After restarting or reconfiguring mbatchd, the historical run time of finished jobs might be different, since it includes jobs that may have been cleaned from mbatchd before the restart. mbatchd restart only reads recently finished jobs from lsb.events, according to the value of CLEAN_PERIOD in lsb.params. Any jobs cleaned before restart are lost and are not included in the new calculation of the dynamic priority.

Example

The following fairshare parameters are configured in lsb.params:

CPU_TIME_FACTOR = 0
RUN_JOB_FACTOR  = 0
RUN_TIME_FACTOR = 1
FAIRSHARE_ADJUSTMENT_FACTOR = 0 

Note that in this configuration, only run time is considered in the calculation of dynamic priority. This simplifies the formula to the following:

dynamic priority = number_shares / (run_time * RUN_TIME_FACTOR)

Without the historical run time, the dynamic priority increases suddenly as soon as the job finishes running because the run time becomes zero, which gives no chance for jobs pending for other users to start.

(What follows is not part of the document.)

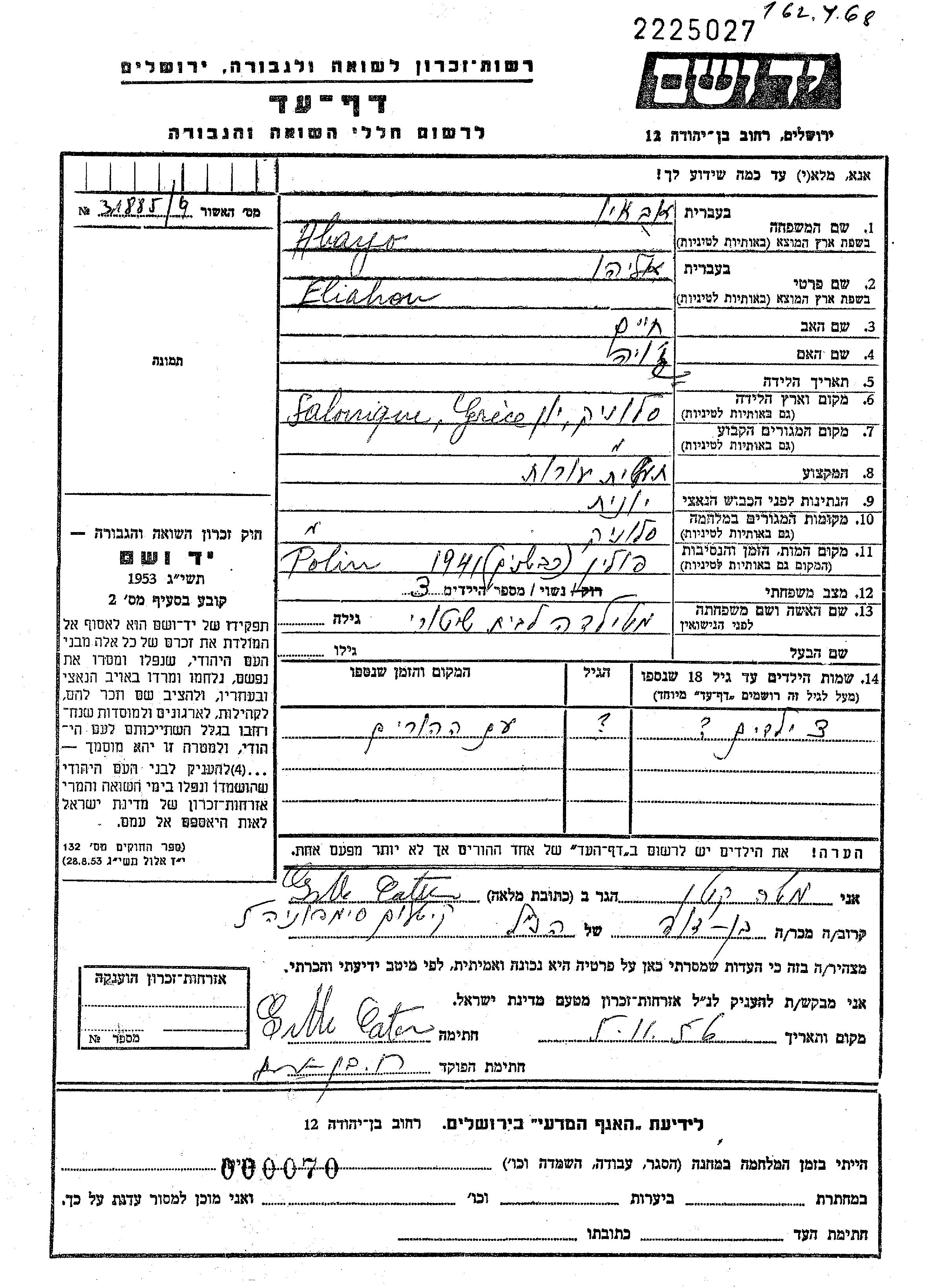Abayo Eliahou Saloniki, Greece Page of Testimony

When historical run time is included in the priority calculation, the formula becomes:

dynamic priority = number_shares / (historical_run_time + run_time) * RUN_TIME_FACTOR)

Now the dynamic priority increases gradually as the historical run time decays over time.

Committed run time weighting factor

Committed run time is the run time requested at job submission with the -W option of bsub, or in the queue configuration with the RUNLIMIT parameter. By default, committed run time does not affect the dynamic priority.

While the job is running, the actual run time is subtracted from the committed run time. The user's dynamic priority decreases immediately to its lowest expected value, and is maintained at that value until the job finishes. Job run time is accumulated as usual, and historical run time, if any, is decayed.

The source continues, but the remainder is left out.